The villain’s outrageous claim to have already wed Millie led to more courtroom drama and ‘A Legal Hassle! – 1934’ which allowed the reprehensible and haughty Mama De Stross to sue Bim for his fortune, so Andy took the beleaguered suitor to his old holiday haunt for ‘An Interlude at Shady Rest – 1934’…

Batteries fully recharged, the irrepressible Gumps returned to the fray and at last defeated Zander and Mrs. De Stross, resulting in a long-delayed happy ending of sorts with ‘Bim and Millie, United at Last – 1934’.

Of course that meant the newlyweds had to cope with ‘Mama De Stross, Mother In Law – 1934′…

These too-brief tastes of Smith’s amazing graphic narrative achievements are supplemented by a selection of shorter vignettes such as a glimpse at the unique service of housemaid ‘Tilda’ and the wiles of child prodigy ‘Chester Gump’ as well as a peek at successor ‘Gus Edson’s The Gumps.

Also on view is an appreciation of Smith’s gag-panel displaying the oriental wisdom of ‘Ching Chow’.

Although disquieting – if not actually disturbing – to modern eyes, this philosophy-spouting comedy Chinaman first appeared on January 27th 1927 and on Smith’s death was taken over by Stanley Link. Regarded as an irreplaceable cartoon “fortune cookie” by many editors, the panel was crafted by a succession of creators and ran until June 4th 1990, outliving The Gumps by almost forty years…

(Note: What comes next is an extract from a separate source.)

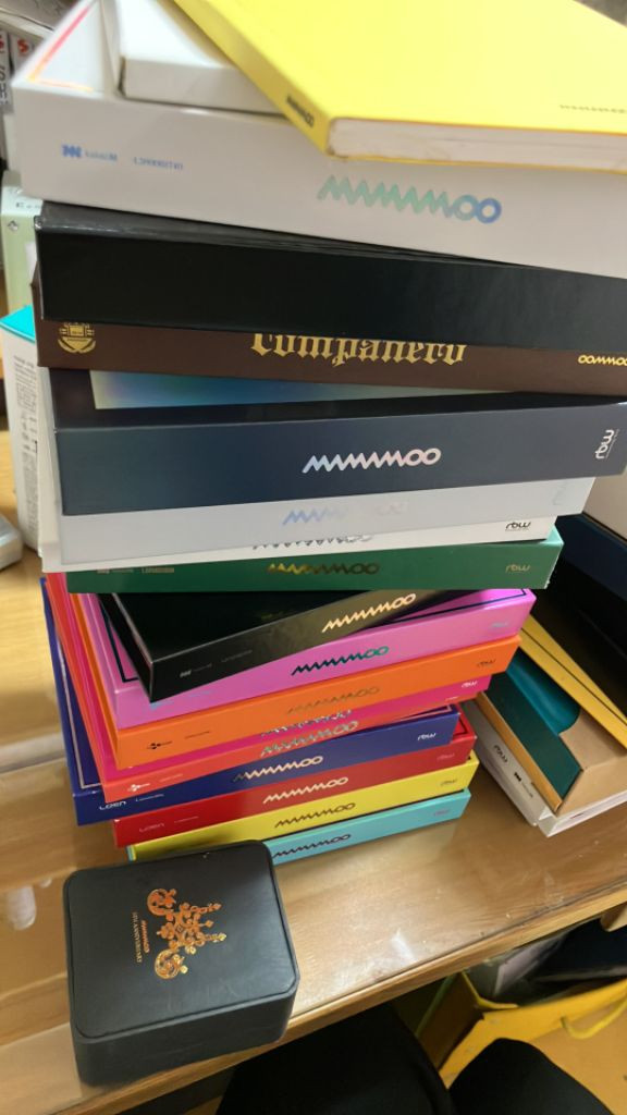 히히하헤호 앨범이랑 데칼코마니 제외 헬로부터 트래블 앨범까지 있음(일본앨범,ost앨범 제외) 휘인 soar 앨범 문별 달이 태양을 가릴때 앨범 솔라감성 앨범 포스터 12장(트래블포스터(2장) 빼고 구겨짐 및 자잘한 흠 있음) 포카바인더, 비공굿 포카 포함 44장 무봉, 미니무봉 회중시계 콘서트 굿즈(일기, cd 등) 족자봉 2019년 시즌그리팅(돈돈이) 휘인비공굿(포토북 및 슬로건)등 다른 비공굿 포스터랑 문별앨범 제외하고는 상태 괜찮습니다. 무봉박스는 찌그러진 부분 있는데 무봉은 괜찮아요. 택배비 제외 십만원입니다. 처분하는거라 일괄로만 팝니다.

The examples seen here are counterbalanced by a ‘Comparison of Chester Gump and Stanley Link’s Tiny Tim and followed by a photo-feature ‘Miscellany’ displaying a wide range of Gumps books and merchandise to end this cartoon celebration…

Studious and genuinely enticing for students of the comic form and anybody interested in the development of both soap operas and sitcoms, this book provides insight and a fascinating visual tour of a phenomenon and world we’ve mostly outgrown, but one worth celebrating for all that.